◆ What is being asked: All pictures are to be omitted while the lines starting at the line with "2019年11月18日晚,由" and ending at the line with "Update 2008: Black" in the material below are retyped exactly, both ends included.

◆ Source records:
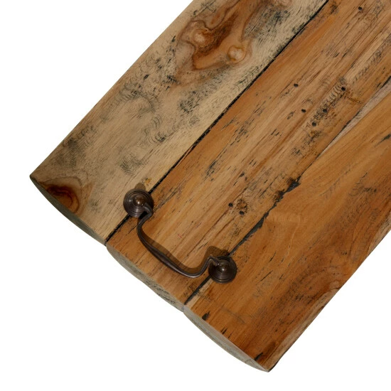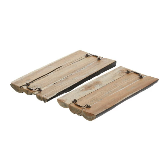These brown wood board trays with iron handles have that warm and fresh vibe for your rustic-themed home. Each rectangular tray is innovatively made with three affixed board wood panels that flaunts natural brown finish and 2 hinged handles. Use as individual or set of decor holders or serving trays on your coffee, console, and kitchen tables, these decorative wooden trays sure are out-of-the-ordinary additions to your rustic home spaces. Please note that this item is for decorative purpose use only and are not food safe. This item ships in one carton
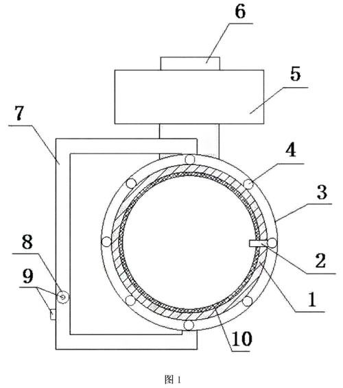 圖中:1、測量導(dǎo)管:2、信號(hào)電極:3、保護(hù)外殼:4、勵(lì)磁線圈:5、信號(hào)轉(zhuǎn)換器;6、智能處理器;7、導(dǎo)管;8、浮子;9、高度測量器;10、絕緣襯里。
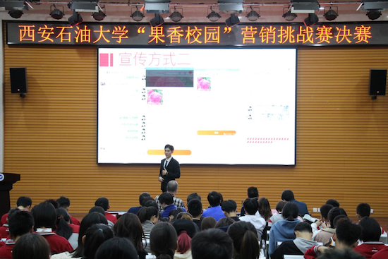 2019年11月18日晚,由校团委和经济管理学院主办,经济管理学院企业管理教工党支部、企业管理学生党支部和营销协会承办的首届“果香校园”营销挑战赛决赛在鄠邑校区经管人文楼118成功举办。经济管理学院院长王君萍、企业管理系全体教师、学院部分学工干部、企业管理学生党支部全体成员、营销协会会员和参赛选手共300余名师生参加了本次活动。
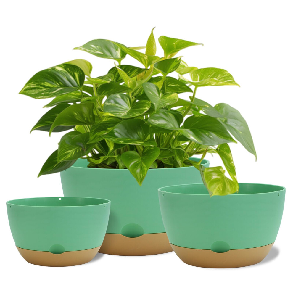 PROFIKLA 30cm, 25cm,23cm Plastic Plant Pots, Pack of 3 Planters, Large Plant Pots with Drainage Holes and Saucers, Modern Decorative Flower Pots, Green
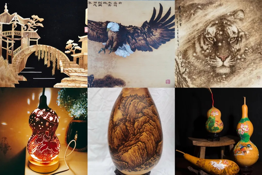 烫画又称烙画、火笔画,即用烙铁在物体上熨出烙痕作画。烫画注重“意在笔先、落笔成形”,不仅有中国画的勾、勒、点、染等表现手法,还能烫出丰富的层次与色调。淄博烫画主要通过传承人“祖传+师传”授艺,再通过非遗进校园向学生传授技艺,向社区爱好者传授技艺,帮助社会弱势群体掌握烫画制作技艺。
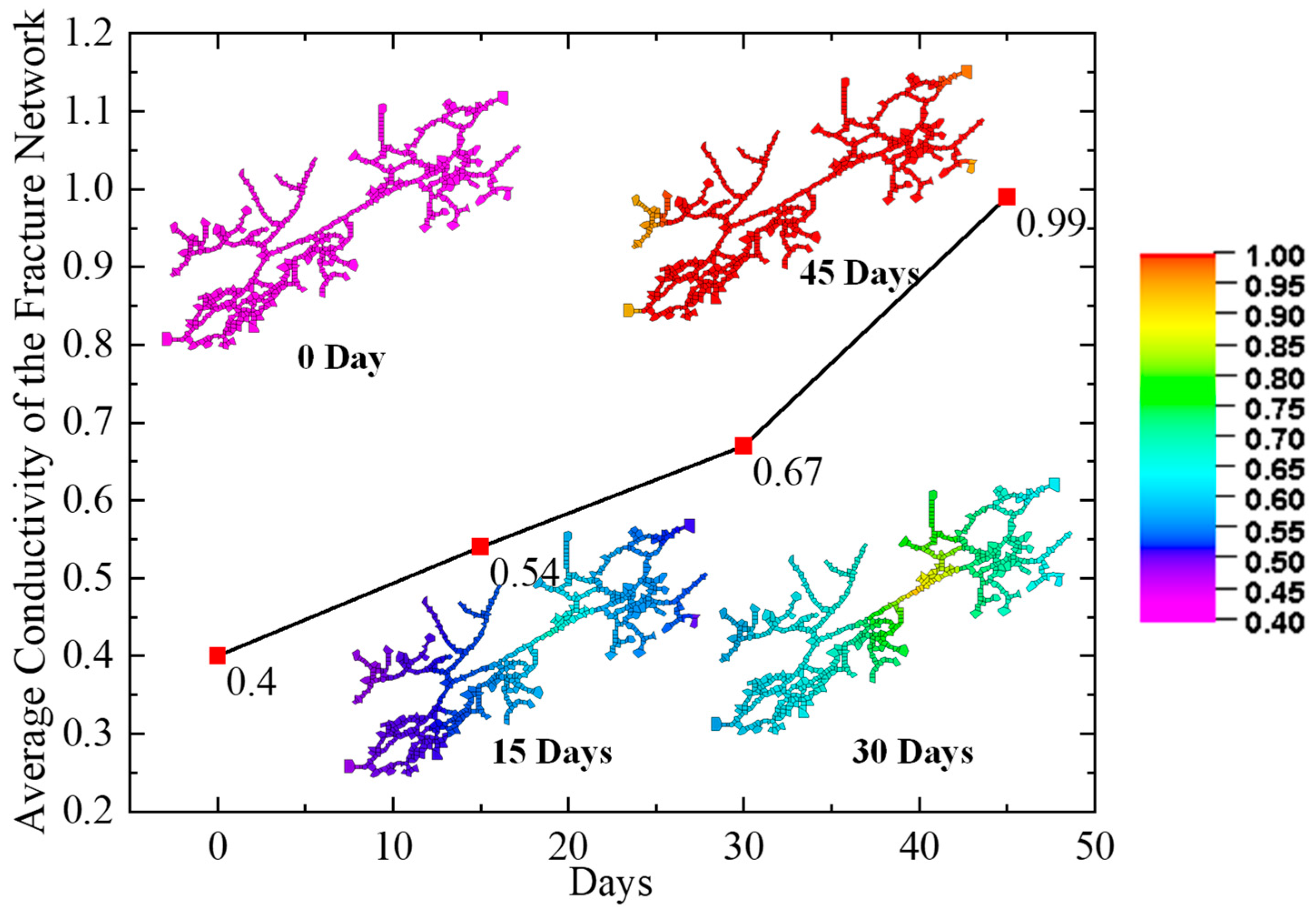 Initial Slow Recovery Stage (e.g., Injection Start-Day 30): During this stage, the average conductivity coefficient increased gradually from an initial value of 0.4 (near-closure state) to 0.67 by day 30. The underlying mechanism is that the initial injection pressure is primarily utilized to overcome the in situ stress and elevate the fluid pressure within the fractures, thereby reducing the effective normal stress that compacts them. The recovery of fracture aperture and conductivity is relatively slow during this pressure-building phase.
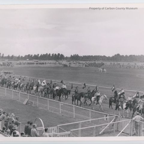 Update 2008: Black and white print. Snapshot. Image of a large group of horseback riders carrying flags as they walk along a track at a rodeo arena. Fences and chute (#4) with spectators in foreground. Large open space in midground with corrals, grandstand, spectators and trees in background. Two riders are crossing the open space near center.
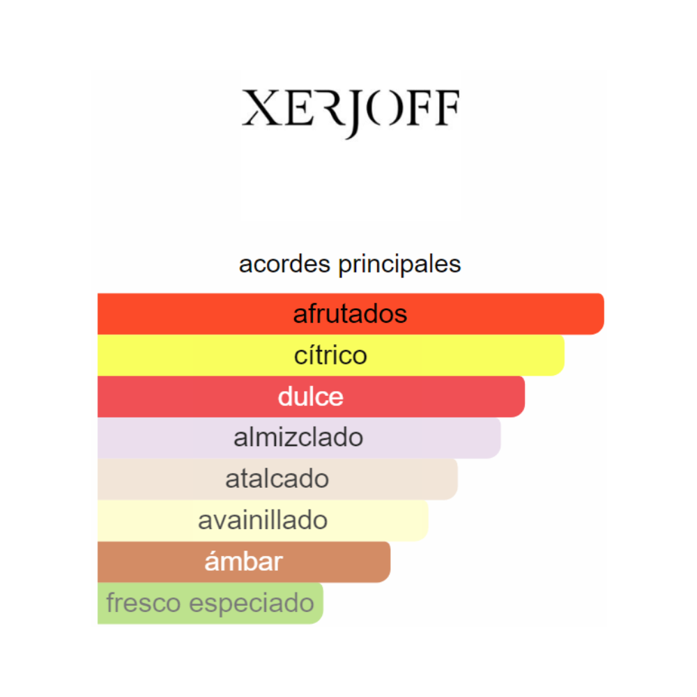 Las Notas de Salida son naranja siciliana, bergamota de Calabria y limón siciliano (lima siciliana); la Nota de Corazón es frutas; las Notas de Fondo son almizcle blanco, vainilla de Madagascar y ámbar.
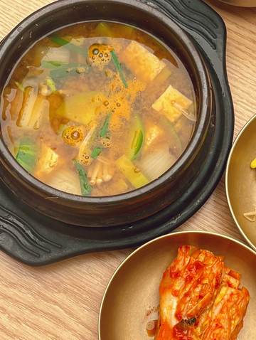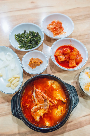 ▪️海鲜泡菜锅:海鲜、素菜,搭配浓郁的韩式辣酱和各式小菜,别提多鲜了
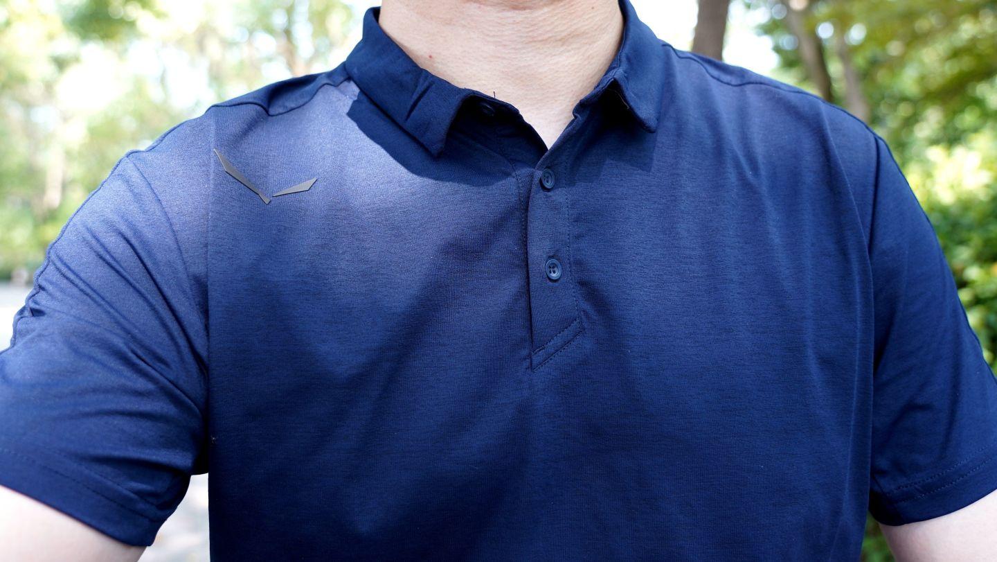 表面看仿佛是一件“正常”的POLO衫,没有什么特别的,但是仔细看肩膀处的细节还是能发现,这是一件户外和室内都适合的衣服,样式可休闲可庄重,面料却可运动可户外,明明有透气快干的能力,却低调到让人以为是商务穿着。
--
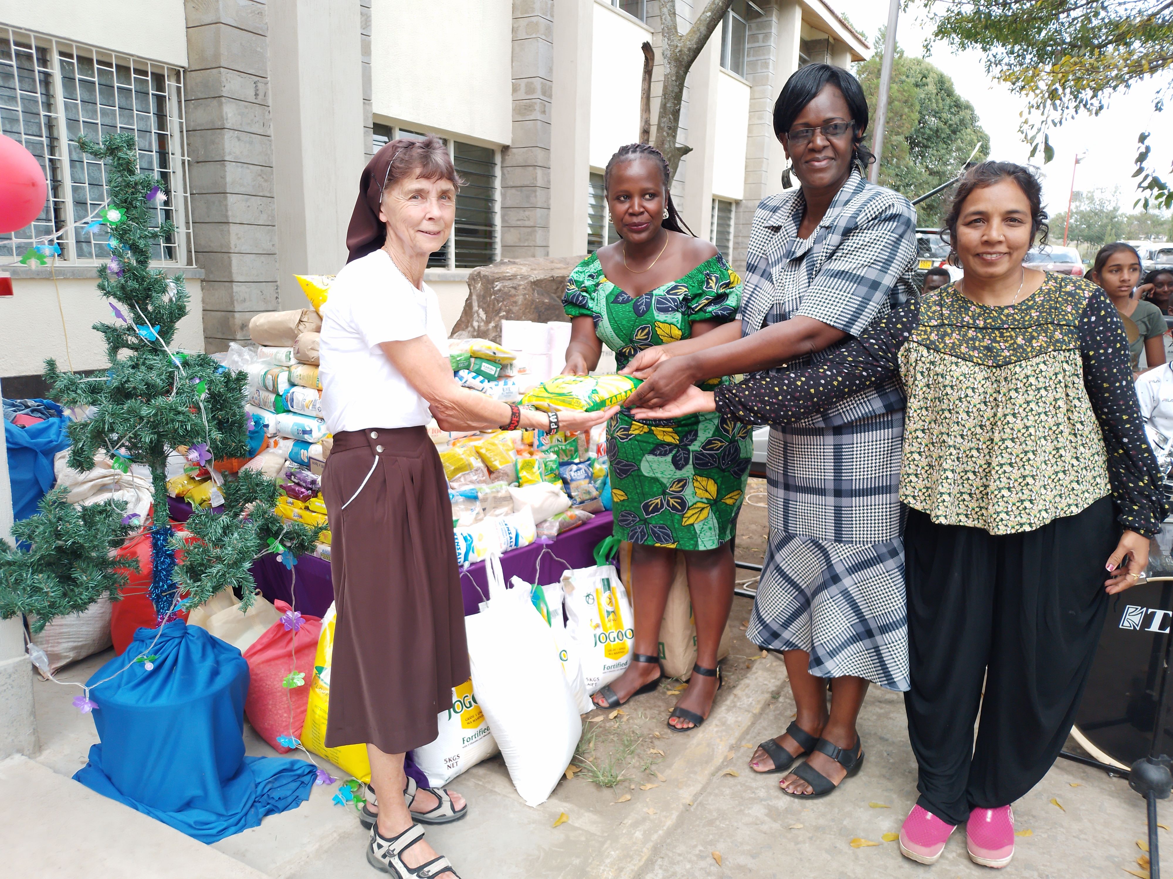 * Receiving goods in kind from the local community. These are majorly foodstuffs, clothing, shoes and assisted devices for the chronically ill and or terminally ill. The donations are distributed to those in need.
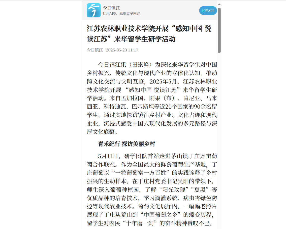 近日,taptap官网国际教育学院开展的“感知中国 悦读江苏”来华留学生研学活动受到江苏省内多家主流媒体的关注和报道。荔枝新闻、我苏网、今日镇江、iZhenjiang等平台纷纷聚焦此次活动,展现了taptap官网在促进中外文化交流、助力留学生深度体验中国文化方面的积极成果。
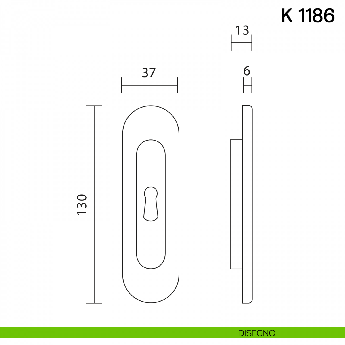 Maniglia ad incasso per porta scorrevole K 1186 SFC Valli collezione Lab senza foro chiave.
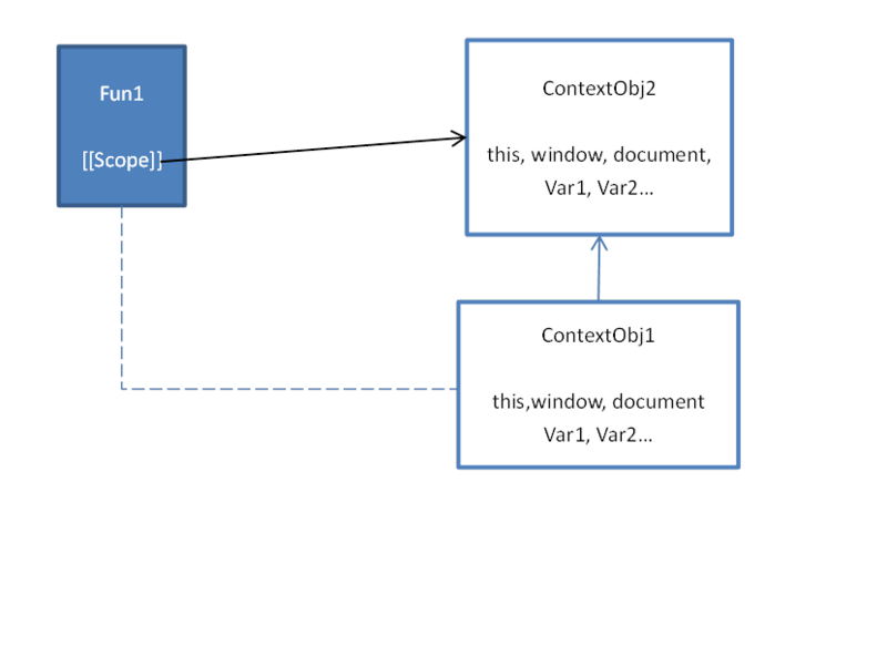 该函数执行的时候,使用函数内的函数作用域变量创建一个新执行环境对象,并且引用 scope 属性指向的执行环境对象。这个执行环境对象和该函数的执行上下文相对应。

◆ Problem solution:
 2019年11月18日晚,由校团委和经济管理学院主办,经济管理学院企业管理教工党支部、企业管理学生党支部和营销协会承办的首届“果香校园”营销挑战赛决赛在鄠邑校区经管人文楼118成功举办。经济管理学院院长王君萍、企业管理系全体教师、学院部分学工干部、企业管理学生党支部全体成员、营销协会会员和参赛选手共300余名师生参加了本次活动。
 PROFIKLA 30cm, 25cm,23cm Plastic Plant Pots, Pack of 3 Planters, Large Plant Pots with Drainage Holes and Saucers, Modern Decorative Flower Pots, Green
 烫画又称烙画、火笔画,即用烙铁在物体上熨出烙痕作画。烫画注重“意在笔先、落笔成形”,不仅有中国画的勾、勒、点、染等表现手法,还能烫出丰富的层次与色调。淄博烫画主要通过传承人“祖传+师传”授艺,再通过非遗进校园向学生传授技艺,向社区爱好者传授技艺,帮助社会弱势群体掌握烫画制作技艺。
 Initial Slow Recovery Stage (e.g., Injection Start-Day 30): During this stage, the average conductivity coefficient increased gradually from an initial value of 0.4 (near-closure state) to 0.67 by day 30. The underlying mechanism is that the initial injection pressure is primarily utilized to overcome the in situ stress and elevate the fluid pressure within the fractures, thereby reducing the effective normal stress that compacts them. The recovery of fracture aperture and conductivity is relatively slow during this pressure-building phase.
 Update 2008: Black and white print. Snapshot. Image of a large group of horseback riders carrying flags as they walk along a track at a rodeo arena. Fences and chute (#4) with spectators in foreground. Large open space in midground with corrals, grandstand, spectators and trees in background. Two riders are crossing the open space near center.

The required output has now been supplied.